Por María.
Aparcar en La Carlota es una odisea. Me pregunto cuánta gente tendrá coche, cuántos van en coche para ir a comprar el pan, para llevar al niño al fútbol, para ir al mercadillo, para ir a la pescadería y cuántas vueltas tengo que dar en mi calle, en la calle de al lado o en el radio de no sé qué para encontrar una plaza en mi calle.
Coches por todas partes: aparcados en doble fila, encima de la acera, por detrás del butano, por delante del butano... y como decía uno de Jaén si ves un coche que lleva un mes, dos meses... en el mismo sitio, no es que esté abandonao’. Es que en su día, encontró el "sitiazo".
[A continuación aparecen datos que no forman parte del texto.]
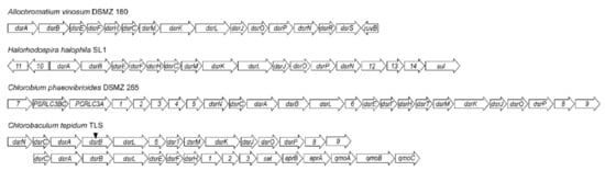 These clusters presented in Figure 3 were found in all representatives except Chlorobium ferrooxidans and Chloroherpeton thalassium. The absence of this region is particularly interesting in Chloroherpeton thalassium, as this bacterium oxidizes sulfides to form elemental sulfur, which it stores outside the cell. However, this sulfur is only oxidized very slowly, which is probably due to the absence of the Dsr system. The alternative route of oxidation of sulfur granules is not yet clear, but the most likely is the involvement of RuBisCO-like protein (RLP), which is found in all representatives of green sulfur bacteria [71].
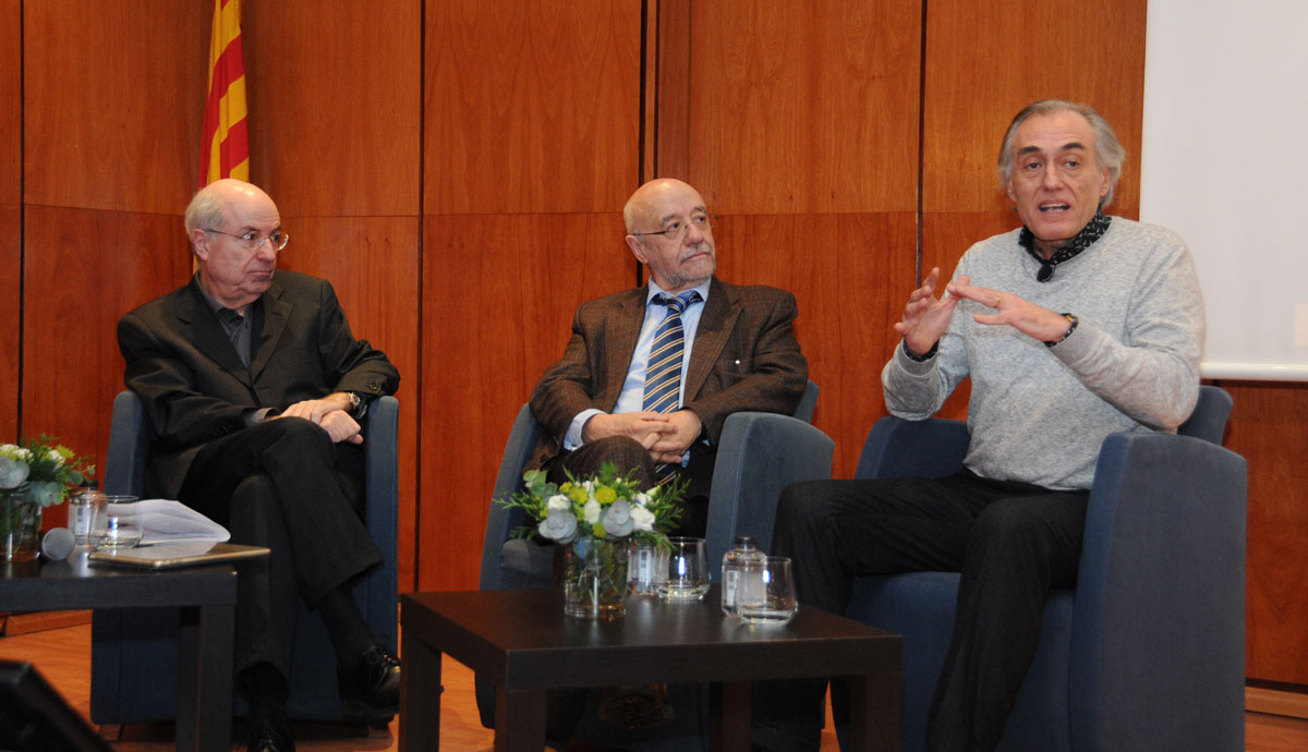 Jaume Aubia (al centre), amb Jordi Camí, director general del PRBB i de la Fundació Pasqual Maragall; i Josep Maria Puig, actual secretari general de Metges de Catalunya

Eso es lo que yo procuro. No moverlo una vez que lo he aparcado, porque después que llegas hasta las narices de conducir, de trabajar y de aguantar a unos y otros, te sale la típica Dolores, Concha, María Antonia, Francisca, que es que en ese momento tiene que salir a barrer la calle. Aunque, sean las tres de la tarde o las siete de la mañana, tiene que barrer a esa hora y ver donde aparcas, porque como le aparques en la puerta, la cara de perro guardián no la puede quitar porque le estás aparcando en su puerta y probablemente te diga: “niño, ahí te pueden arañar el coche (gruñido amenazante)” que te hace recapacitar o “niño, échalo más pa’lante que es que yo ahora iba a regar mi puerta”.
Son unas visionarias, mientras los gorrillas piden dinero, ellas marcan su territorio con la escoba gastada y la calle más brillante que una patena. Si es que el Ayuntamiento inventó las señales de prohibido aparcar de unos meses a otros en homenaje a ellas.